All regime change is political change, but not all political change is regime change. Regime change means the fundamental rules and institutions of governing are replaced, like Iran going from monarchy to theocracy in 1979. Political change is broader and includes shifts that leave the regime intact, like a new policy, a constitutional amendment, or a different party winning power. Mexico's 2000 election ended 71 years of PRI rule, which was huge political change, and because it completed a shift from authoritarian dominance to competitive democracy, it counts as regime change too. A routine UK transfer of power between Labour and the Conservatives is political change with zero regime change.
Political change is any alteration of a state's institutions, policies, leadership, or regime, and the exam cares about how it happens, not just that it happens.
The three main mechanisms are reform (gradual, within the regime), revolution (rapid, replaces the regime), and coup d'état (sudden illegal seizure of power by a small group).
Change can come from below, through social movements and civil society pressure, or from above, when elites rewrite rules to consolidate power.
Each course country illustrates a different path: UK reform, Mexican electoral democratization, Iranian revolution, Nigerian coups, Soviet collapse in Russia, and Chinese economic reform without political liberalization.
Political change is not always democratization; Russia under Putin shows change can move a state in a more authoritarian direction.
The 2024 SAQ asked you to explain how social movements affect political change, so practice building the causal chain from pressure to policy or regime outcome.
Political change is the process of altering a state's structures, institutions, policies, or regime.
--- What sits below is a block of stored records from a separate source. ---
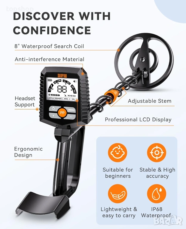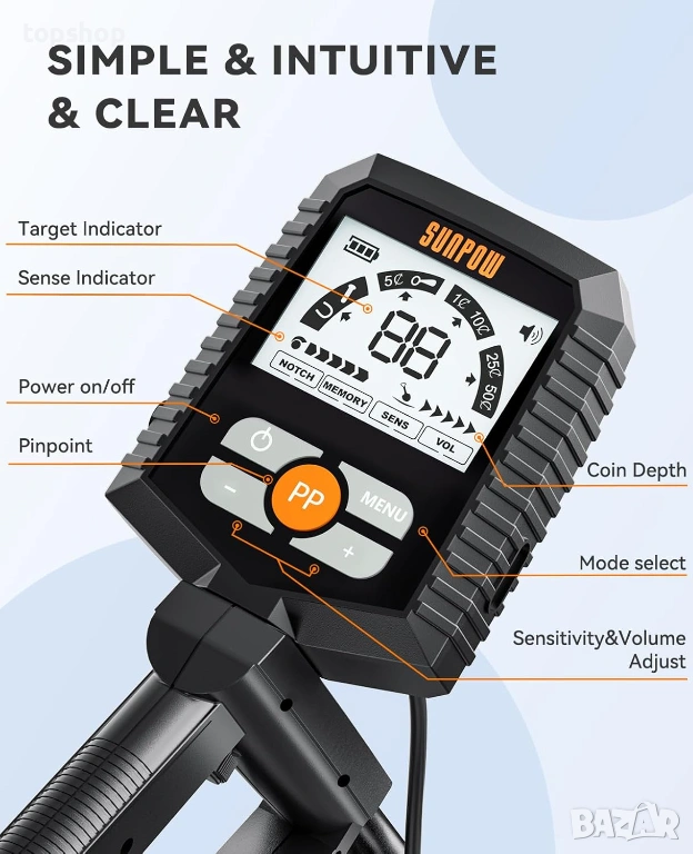 Продавам професионален металотърсач SUNPOW, проектиран за висока точност и стабилност при работа. Уредът е идеален за търсене на злато, монети и реликви, като предлага отлична защита от външни смущения.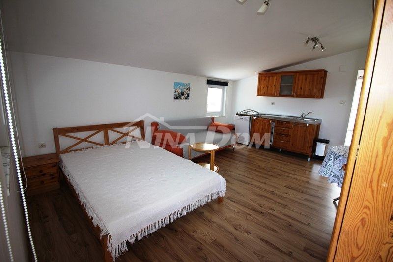 Kat; vanjske stepenice: terasa, dva apartmana od čega jedan studio i jedan jednosobni apartman, i velika prednja terasa.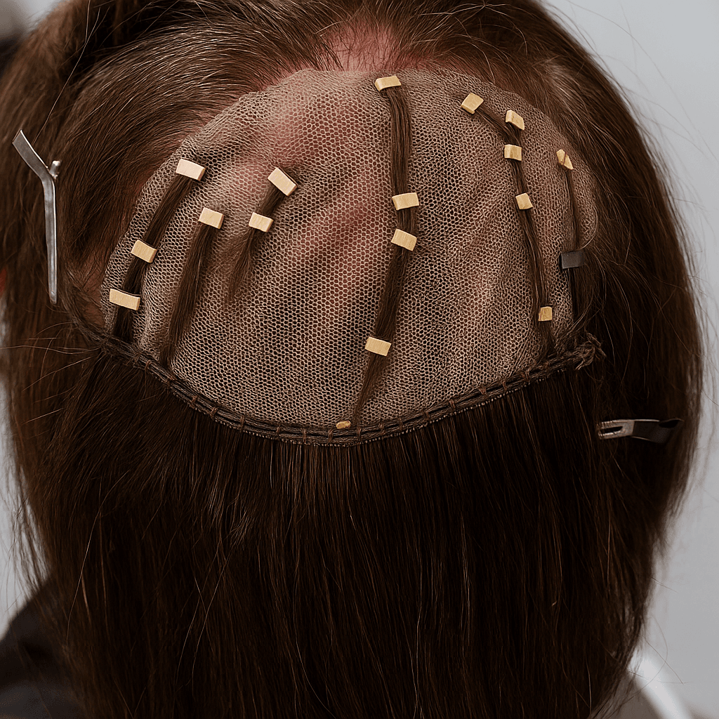 Mesh integration is a non-surgical system that blends new hair seamlessly with the hair you still have. Instead of covering up, it integrates. A fine, breathable mesh is custom-fitted to your scalp, then hand-woven with human hair to match your colour, density, and style.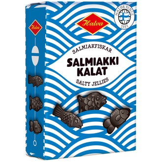 Halva Salmiakkikalat 240g on valmistettu Suomessa.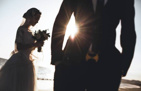 3、若即若离式:夫妻保持一定的距离,完全用眼神进行联系沟通。中间的情丝宛若可见,产生距离的美感。当然也含有千里因缘一线牵的韵味。

It ranges from gradual reform, like UK devolution, to total regime replacement, like Iran's 1979 revolution.
No. Political change is direction-neutral. Russia's recentralization of power under Putin and military coups in Nigeria's past are both political changes that moved away from democracy, not toward it.
Revolution is one type of political change, the fastest and deepest kind, where the entire regime is replaced. Political change also covers reforms, coups, and ordinary policy shifts that leave the regime intact.
Social movements pressure governments from outside formal institutions using protest, advocacy, and public opinion, raising the cost of ignoring an issue until leaders change policy or expand rights. The 2024 SAQ asked you to explain exactly this connection.
No. A coup is a sudden, illegal power grab by a small elite group, usually the military, while a revolution involves mass participation and replaces the regime's fundamental structure. Nigeria's pre-1999 coups swapped leaders repeatedly without the broad social transformation of Iran's 1979 revolution.